The Girl Who Soared Over Fairyland and Cut the Moon in Two by Catherynne M. Valente
I’ve been a big fan of Catherynne Valente’s first two FAIRYLAND books, each one full of more imagination than the entire oeuvre of some fantasy authors, to say nothing of the lushly vivid and starkly original language, the wry self-aware humor, and the sharp insights into the joys and pangs of growing up. And all of that returns in the third installment, The Girl Who Soared Over Fairyland and Cut the Moon in Two. But these elements didn’t quite gel in the same manner for me in this one and whole felt less than its parts, despite those parts often being quite wonderful in their own right.
This time around, September’s destination isn’t quite Fairyland, but as the title informs us, somewhat higher. Having followed a Model A out of our world, September eventually finds herself driving it (or is it driving her?) on the road to the moon. There she’ll reunite with her past pals Saturday the Marid and A-Through-L (Ell) the wyvern, meet the Great Whelk of the Moon (my absolute favorite character and scene in the book), confront a yeti, find (literally) her fate, learn the secret of tools, and have a host of other adventures big and small while meeting a host of other strangely fanciful creatures, both big and small.

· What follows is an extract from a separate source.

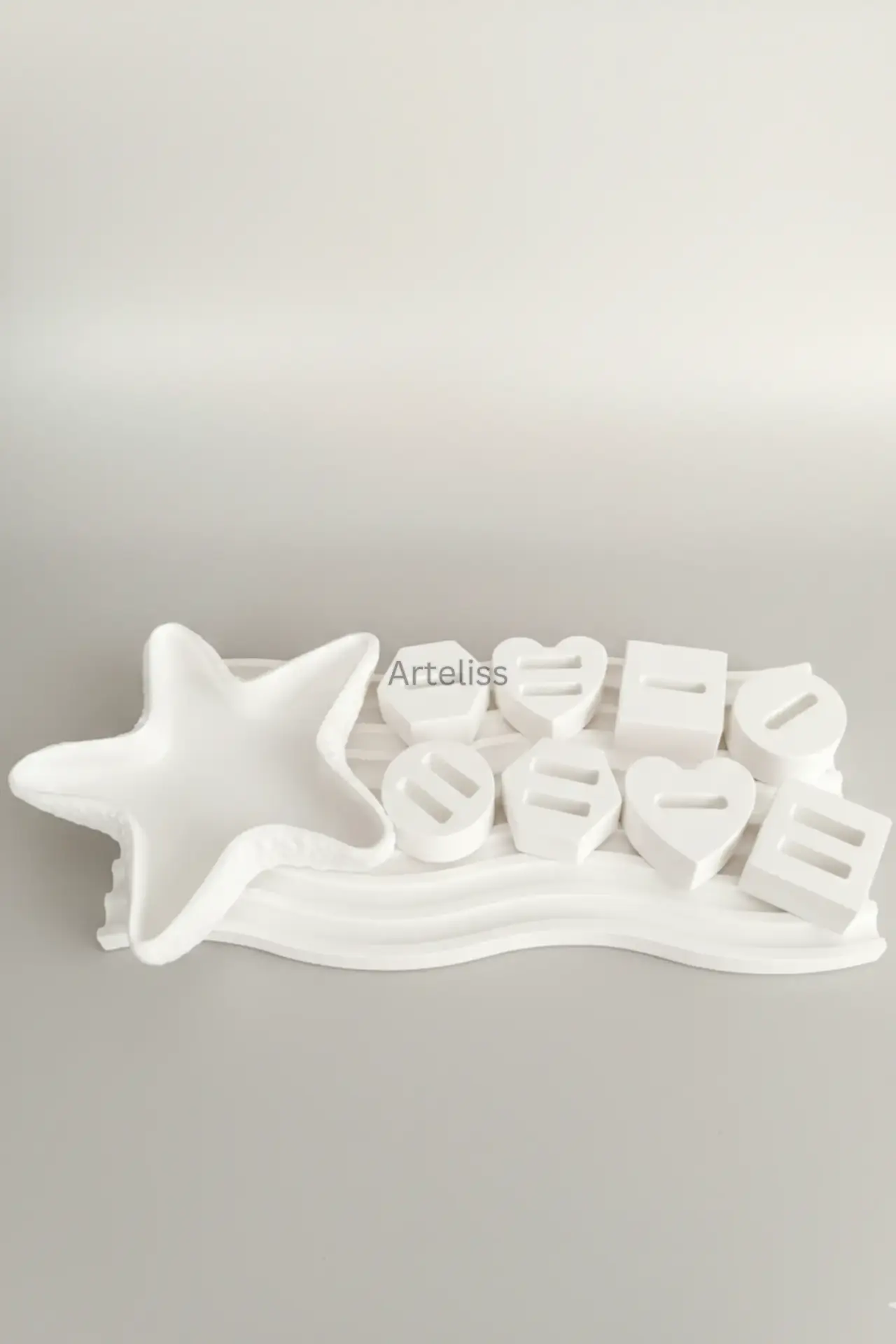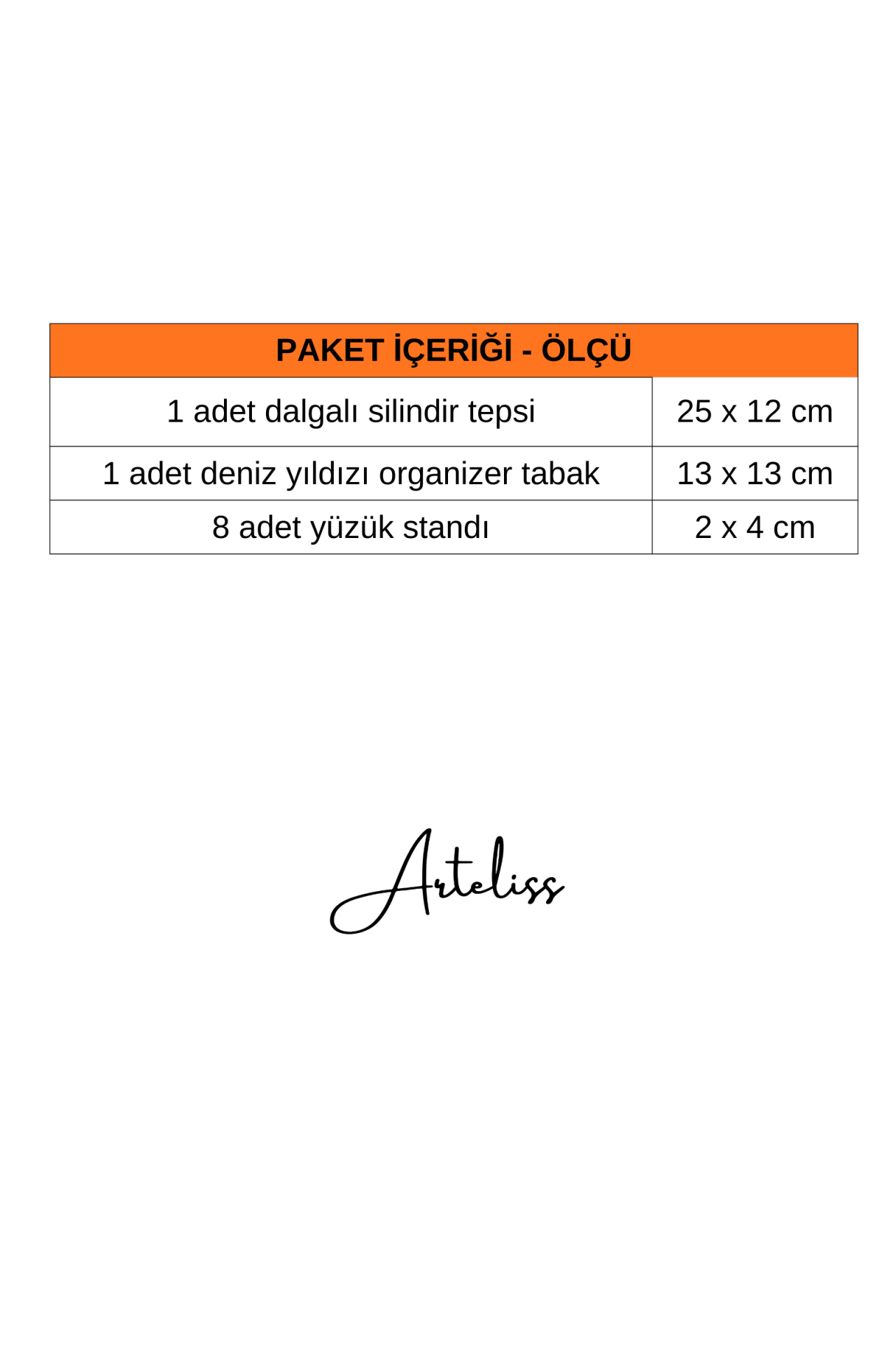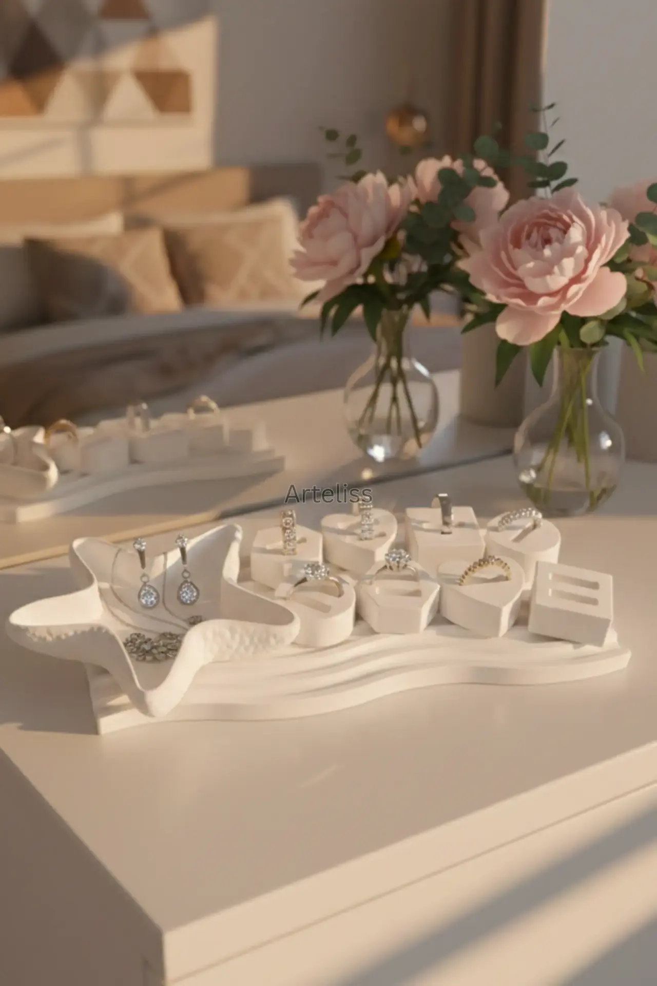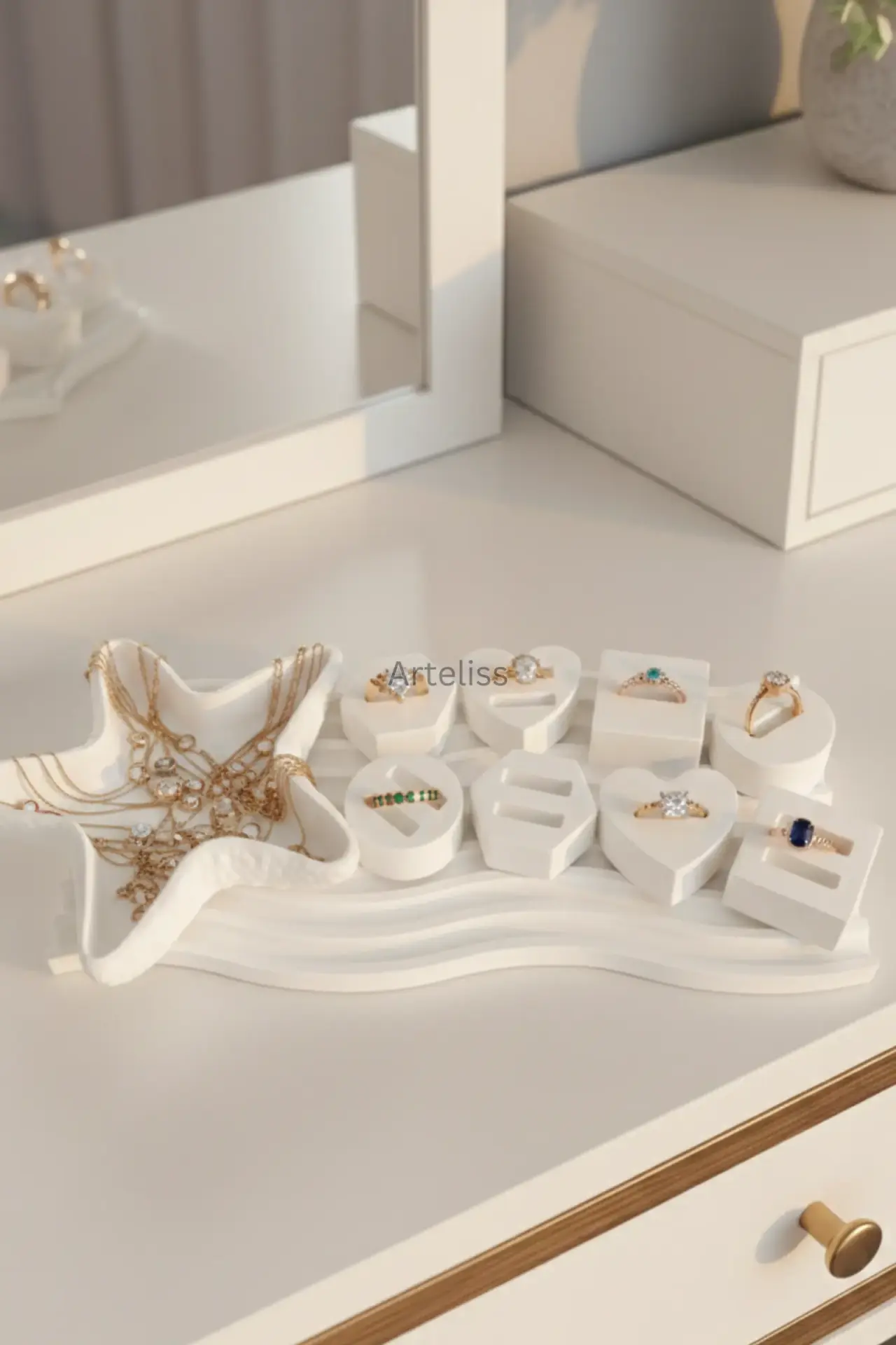 Arteliss® Ocean Star Lüks Yüzük Standı ve Organizer Seti; deniz yıldızı formundaki obje tabağı ve sekiz adet geometrik yüzük standıyla tüm takı koleksiyonunuzu bir arada tutan kapsamlı bir düzenleme çözümü sunar. Dalgalı sunum tepsisi üzerinde sergilenen kare, kalp, altıgen ve yuvarlak formlardaki parçalarıyla bu Lüks Yüzük Standı ve Organizer Seti, aksesuarlarınızı kategorize ederek makyaj masalarınızda estetik bir görünüm yaratır.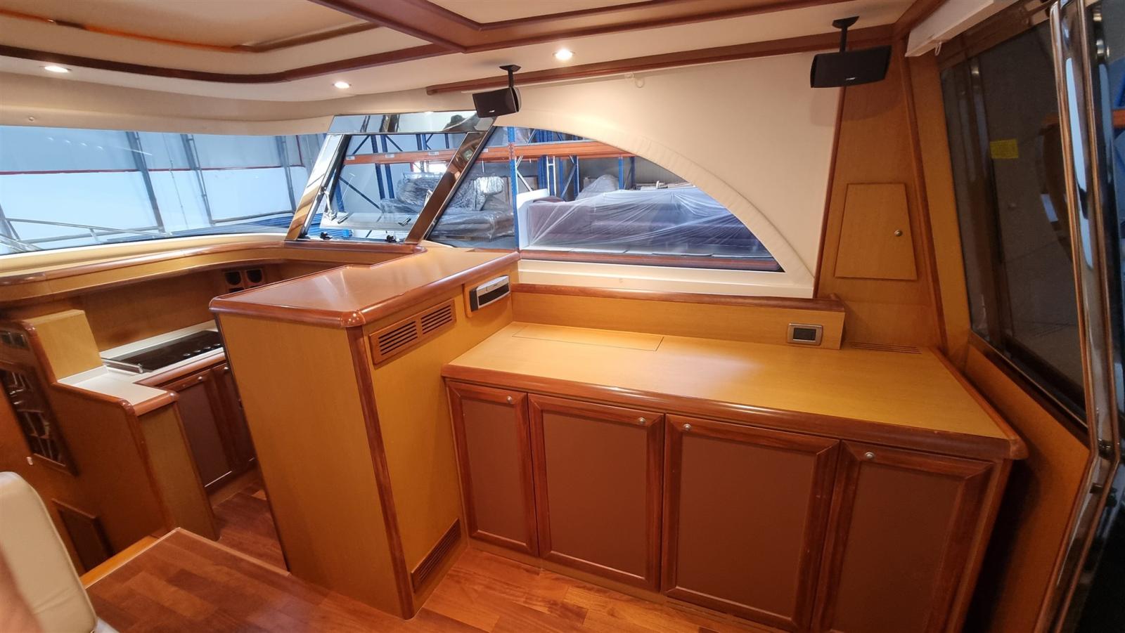 Engine Alarm, Bilge Alarm, Water pressure pump, 2 Life Raft, Teak Side Decks, Deck Shower, Twin Steering, Directional Spotlight, Hydraulic Flaps (N°2), Fire Extinguishing System, Anchor Chain Washdown, Washbasin in the cockpit, Courtesy Lights, Gangway (IDRAULICA), Platform, Automatic Bilge Pump, Manual Bilge Pump, Entry door, Teak Cockpit, Shorepower connector, Water harbor connector system, Voltage Rectifier, Electric Windlass, swimming ladder, Tender, Horn, Stern Winches.

September’s continued maturation over time remains a theme of the series here, as does the previously-raised idea of children being “heartless.” While the theme is obviously explored via September’s actions, it is also directly commented upon by the narrator who continues in the same wryly witty and knowingly poignant vein as in the prior two novels. There’s also it seems to me more than a bit of a nod to C.S. Lewis’ problematic treatment of Susan in his NARNIA novels, as September worries that her maturation will bar her from further adventures:
Maybe Fairyland does not want me because I have been trying so hard to be a grown-up person and behave in a grown-up fashion. Maybe Fairland is for children… Maybe I am getting too big — no, worse, maybe I am getting too usual to be allowed to go back.
As always, there are layers within layers, metafictional aspects, nods to those with particular knowledge, and several beautiful set scenes of terrible wonder and beauty (the best kind of wonder and beauty is almost always terrible). And, as usual, Valente has no qualms about venturing into darker and sadder territory than most.
So what’s not to like then? Mostly what happened with The Girl Who Soared Over Fairyland was that issues that had been noticeable before struck me more sharply and fully. I mentioned in my review of the first one that I thought it had some problems with pacing and that I also didn’t feel particularly connected with the character and I had the same feelings here, but more so. The book felt slow in places and rushed in others, and I can’t say I ever felt fully engaged by September.
In my review of the second in the series, I mentioned how its episodic nature and wild catalog of invention sometimes led me to wish for more time spent with fewer inventions. Again, I felt this even more strongly here. Sometimes, even often, I wanted to just be where I was for a while before rushing off like (or with) the wind to the next adventure and new creature. And sometimes I wanted something to be just what it was rather than the starting point for a group of similes/metaphors or rather than have it be turned into some sort of alive or quasi-alive creature. Sometimes I wanted a desk to be a desk or a door to be a door just to have a moment’s breath. For the first time in these books, I felt the author’s presence (not the narrator’s, but the author’s) too clearly; for the first time I felt some of the wordplay seemed a bit forced.
While there is much to admire here, and much to revel in, it was a distant and cool sort of admiration for me. Certainly it’s a book I’d recommend, but I’d be lying if I didn’t say The Girl Who Soared Over Fairyland wasn’t a bit of a disappointment. I’m guessing, however, that will be a minority opinion.